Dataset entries
━━━━━━━━━━━━━━━━
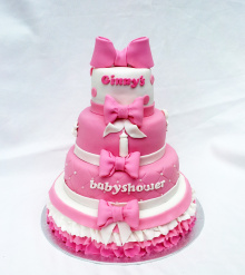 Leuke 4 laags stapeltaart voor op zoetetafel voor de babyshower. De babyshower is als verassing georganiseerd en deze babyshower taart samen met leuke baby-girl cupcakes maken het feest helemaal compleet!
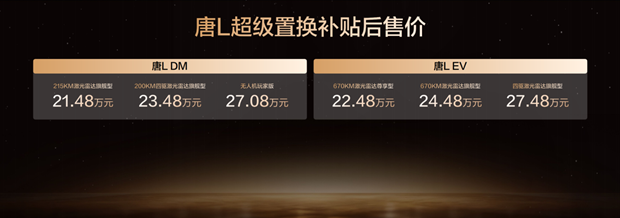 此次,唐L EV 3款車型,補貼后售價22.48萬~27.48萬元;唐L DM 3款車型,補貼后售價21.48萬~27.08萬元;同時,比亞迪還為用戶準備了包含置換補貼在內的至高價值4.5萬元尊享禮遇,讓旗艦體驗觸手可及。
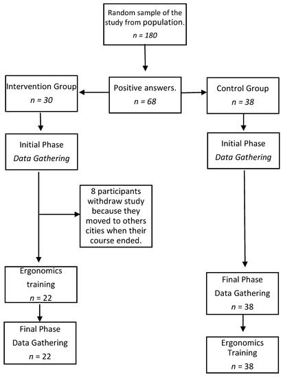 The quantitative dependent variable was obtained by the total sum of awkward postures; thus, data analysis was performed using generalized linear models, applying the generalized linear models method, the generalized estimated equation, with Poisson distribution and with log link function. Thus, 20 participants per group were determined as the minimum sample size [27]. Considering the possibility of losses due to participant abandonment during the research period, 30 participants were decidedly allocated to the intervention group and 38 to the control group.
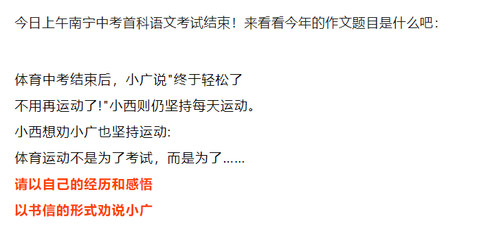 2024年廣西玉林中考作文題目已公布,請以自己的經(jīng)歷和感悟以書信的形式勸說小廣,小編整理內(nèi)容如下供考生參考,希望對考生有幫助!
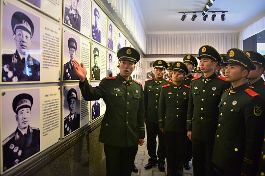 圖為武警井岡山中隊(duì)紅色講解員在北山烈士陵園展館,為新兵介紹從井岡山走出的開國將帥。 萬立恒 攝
━━━━━━━━━━━━━━━━
§ **Task objective**
The preceding entries are to be returned verbatim, with every picture excluded.

§ **Response to this task**
 Leuke 4 laags stapeltaart voor op zoetetafel voor de babyshower. De babyshower is als verassing georganiseerd en deze babyshower taart samen met leuke baby-girl cupcakes maken het feest helemaal compleet!
 此次,唐L EV 3款車型,補貼后售價22.48萬~27.48萬元;唐L DM 3款車型,補貼后售價21.48萬~27.08萬元;同時,比亞迪還為用戶準備了包含置換補貼在內的至高價值4.5萬元尊享禮遇,讓旗艦體驗觸手可及。
 The quantitative dependent variable was obtained by the total sum of awkward postures; thus, data analysis was performed using generalized linear models, applying the generalized linear models method, the generalized estimated equation, with Poisson distribution and with log link function. Thus, 20 participants per group were determined as the minimum sample size [27]. Considering the possibility of losses due to participant abandonment during the research period, 30 participants were decidedly allocated to the intervention group and 38 to the control group.
 2024年廣西玉林中考作文題目已公布,請以自己的經(jīng)歷和感悟以書信的形式勸說小廣,小編整理內(nèi)容如下供考生參考,希望對考生有幫助!
 圖為武警井岡山中隊(duì)紅色講解員在北山烈士陵園展館,為新兵介紹從井岡山走出的開國將帥。 萬立恒 攝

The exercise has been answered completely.